I don't have an e-bike and don't plan on getting one anytime soon but your post has been totally debunked for quite a while now.

Plenty of info showing you people who ride e-bikes build fitness. It's also pretty obvious you can ride them just as hard as a normal mtb but you just go faster. If you put out 300 watts and the bike puts out 250 that's 550 combined. You still put out 300 watts, the bike doesn't take away from that. The great thing is you have the option to slow down and recover fully before you put in the next effort.

If you're training for downhill you can stay in an aerobic effort on the way up and hit the downhills harder giving you a more effective workout along with doing more runs.

I've been considering one more for road cycling where I put in most of my training rides. I can leave the assist OFF and ride intervals till total failure. Then turn pedal assist on to get home.
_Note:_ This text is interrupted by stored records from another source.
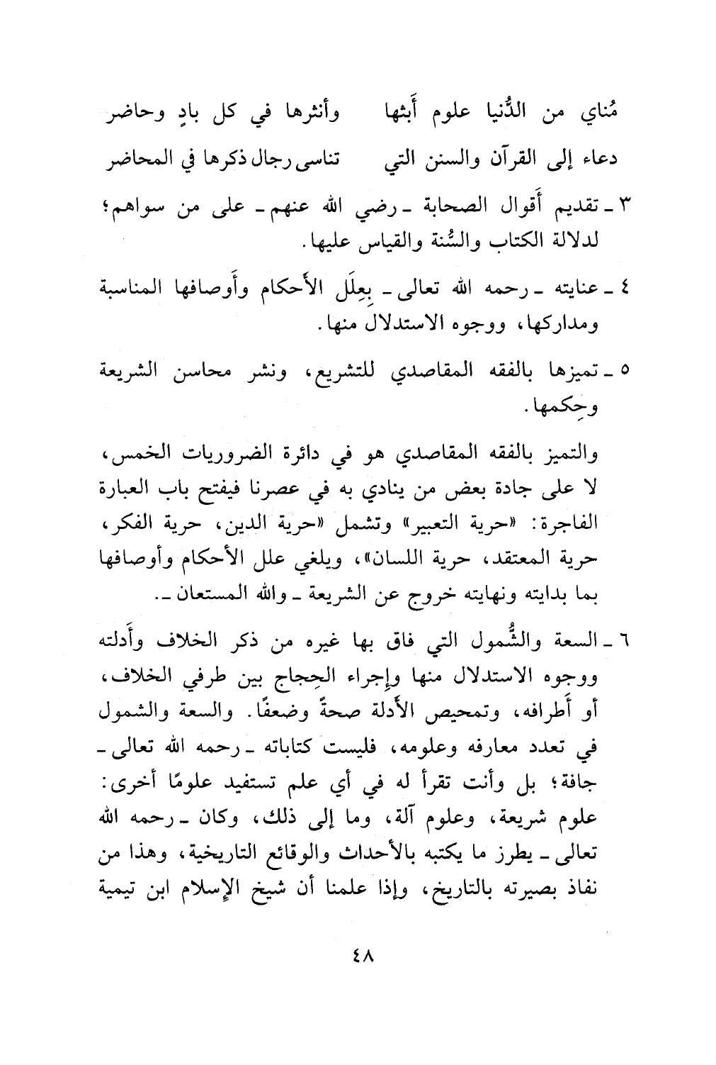 حرية المعتقد، حرية اللسان "، ويلغي علل الاحكام وأوصافها
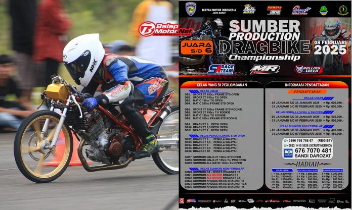 BalapMotor.Net – Promotor balap paling konsisten menggelar event yaitu Sumber Production siap menggelar gelaran drag bike pada hari Sabtu 8 Februari 2025.
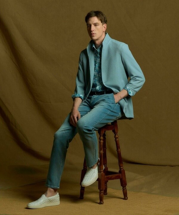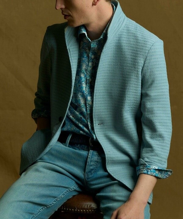 ややタイトめに作られていますが、ウエスト部分には絞りを入れておらずラフな印象を与えます。ですがスッキリと軽い襟元の仕立ても相まって、上品な着こなしが可能です。
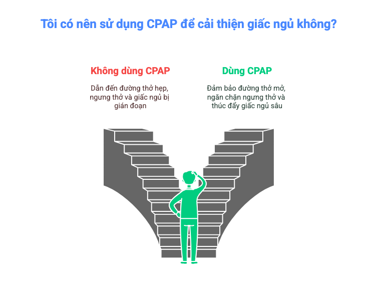 - Không dùng CPAP: Đường thở hẹp → mô mềm xẹp xuống → ngưng thở → giảm oxy → thức giấc.
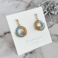 発色の良い日本製の刺繍糸とゴールドカラーのラメ糸、小さなビーズで仕上げたピアス。
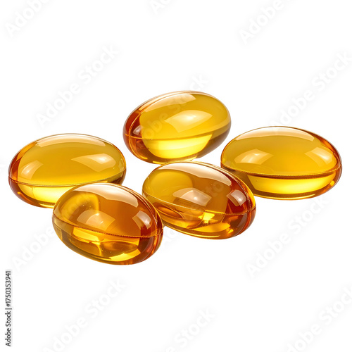 Five translucent, amber-colored softgel capsules sit isolated on a black background
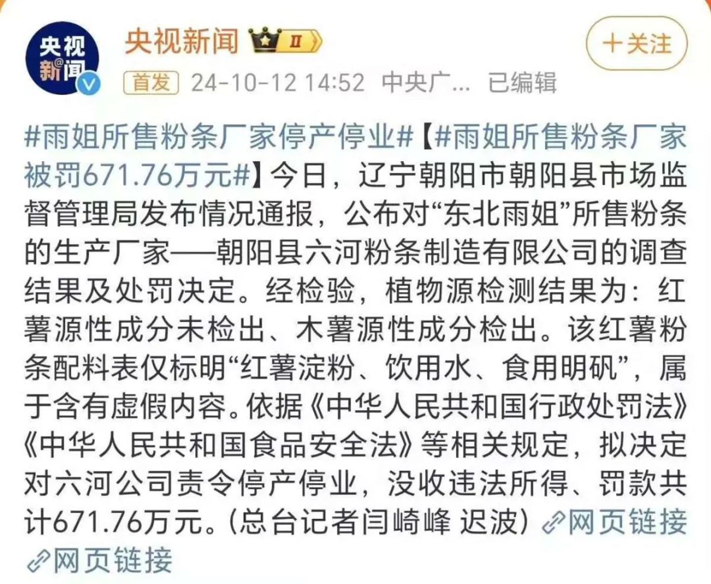 紧随其后的东北雨姐也是十分近似的情况。早前的“稻田蟹”事件引发质疑但并未致命,9月23日却遭到打假博主质疑所售红薯粉其实是木薯粉,10月12日被通报存在“虚假或者引人误解的商业宣传”,被处没收违法所得和罚款共计165万元,并责令暂停经营限期整改。

E-bike miles should undoubtedly count in Strava. They even have SUP boarding on there which is usually about just relaxing and paddling around slowly.


----------



## shreddr (Oct 10, 2009)

Fajita Dave said:


> I don't have an e-bike and don't plan on getting one anytime soon but your post has been totally debunked for quite a while now.
> 
> Plenty of info showing you people who ride e-bikes build fitness. It's also pretty obvious you can ride them just as hard as a normal mtb but you just go faster. If you put out 300 watts and the bike puts out 250 that's 550 combined. You still put out 300 watts, the bike doesn't take away from that. The great thing is you have the option to slow down and recover fully before you put in the next effort.
> 
> ...


Right on brother 

Sent from my iPhone using Tapatalk


----------



## KingOfOrd (Feb 19, 2005)

Why not just record your rides normally and then make them private so you don’t show up on any leaderboards? That way your miles still get recorded and you won’t get flagged. Kind of cheating the system but that shouldn’t bother an ebiker


----------



## cmg (Mar 13, 2012)

or make two normal bikes in Strava and use one as your ebike

pretty simple really


----------



## OldManBike (Apr 16, 2011)

I was on the fence about upgrading but this hilarious little thread finally persuaded me to do it.


----------



## tinfang (Sep 2, 2019)

Train Wreck said:


> Why not just record your rides normally and then make them private so you don't show up on any leaderboards? That way your miles still get recorded and you won't get flagged. Kind of cheating the system but that shouldn't bother an ebiker


Anyone who thinks leaderboards mean something hasn't been paying attention. I have many bikes some are emtb's some are not. I'll record a ride, it saves public but I change it when I get home and lose mileage and/or mph when I move it from ride - to ebike ride. Even so on regular rides the satellites are not consistent and notice you cannot create segments under 0.5 miles now? Ride a few thousand miles of singletrack this year and see what I'm talking about. You'll get some segments that are insanely quick (I did not hit 3/4 mile in 12 seconds) and some are weirdly slow. Using another application and I gained at least 2 mph on my lunch loops. Pretty much all my rides get pulled into followers only or private but it's funny to see the difference when saving them as different activities.


----------



## FJSnoozer (Mar 3, 2015)

*CANCELLED: STRAVA SUMMIT - You Should Too *



Fajita Dave said:


> I don't have an e-bike and don't plan on getting one anytime soon but your post has been totally debunked for quite a while now.
> 
> Plenty of info showing you people who ride e-bikes build fitness. It's also pretty obvious you can ride them just as hard as a normal mtb but you just go faster. If you put out 300 watts and the bike puts out 250 that's 550 combined. You still put out 300 watts, the bike doesn't take away from that. The great thing is you have the option to slow down and recover fully before you put in the next effort.
> 
> ...


SUP, Kayaking, riding a dirt bike, or an ebike all require energy and are a workout of some type, that's for sure. They are all cross training and should not be counted in your standard Cycling Hours. I would track them as cross training activities, but some people may track differently, but that's Fake when it comes to mileage (real if you are counting hours). Strava does do this, I am not sure what issue the OP is having because everything he is bitching about, my app does.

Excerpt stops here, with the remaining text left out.